An internal error occurred while generating the compliance for 'domain-cxxxx'. Retry compliance check

book

Article ID: 412536

calendar_today

Updated On:

Products

VMware vSphere ESXi

Issue/Introduction

  • Navigating to a vSAN cluster, the updates tab is populated with the error - An internal error occurred while generating the compliance for 'domain-cxxxx'. Retry compliance check

  • Triggering a compliance check manually fails with the same error.

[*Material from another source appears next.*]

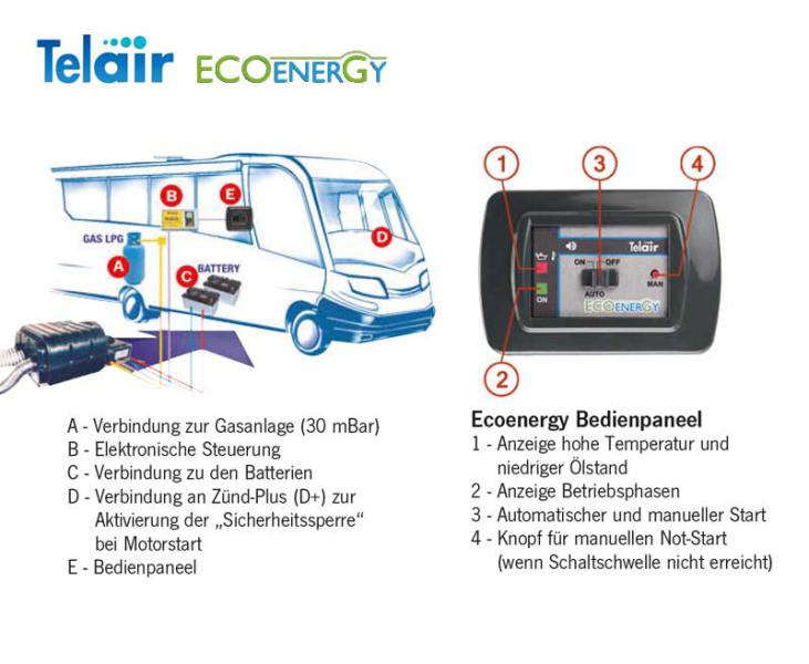 The ECOENERGY generators make independent from the stationary power supply and guarantee autonomy and comfort. The immediate power supply allows by an inverter the use of electrical devices like hair dryer, toaster or microwave. The operation in summer is safe up to +50°C, without any worries about the battery consumption. In the winter months the ECOENERGY acts down to -25°C as a permanent energy source too. It is eco-friendly: LPG supply (or propane) makes it compatible with the latest environment guide lines. It is quiet: the noise level is especially low (only 51dBA). The system generates 12V according to the model between 20 and 25 Amp/hour. An additional tank is not necessary because the gas bottle of the motor home will be used. It is compact and light. So it is an optimal and safe solution for the installation below the vehicle, even at motor homes with abated chassis. It is especially conceived for the innumerably ignition- and circuit-cycles. Technical features: automatical operation: start 11,9V stop 14,5V, operation temperature with propane gas: +50°C ± -25°C, nominal current a/h : 25 A/h, power consumption with LPG gas: 30 mBar ± 2, gas consumption per hour: 0,29 Kg/h, lubricating oil consumption: 1l/115h, noise level at 7m distance LpA: 52dBa, weight: 19kg, dimensions without bail (hxwxd): 565x380x250mm, recommended battery: 160 ± 300 Ah, operation load dependant: yes, mountains up to 2300m: yes, connection cable for controlling: 5m.

  • In the vCenter logs we are seeing the following error:

    vmware-updategmr/vmware-vum-server.log:

    yyyy-mm-ddThh:mm:ss info vmware-vum-server[2569116] [Originator@6876 sub=vmomi.soapStub[12] opID=1c941e96-7a7b-4f48-9c90-a6e7f8eac458] SOAP request returned HTTP failure; <SSL(<io_obj p:0x00007fa2dc026c60, h:49, <TCP '127.0.0.1 : 54400'>, <TCP '127.0.0.1 : 443'>>), /vsanHealth>, method: runLifecycleCheck; code: 500(Internal Server Error); fault: (vim.fault.VsanFault) 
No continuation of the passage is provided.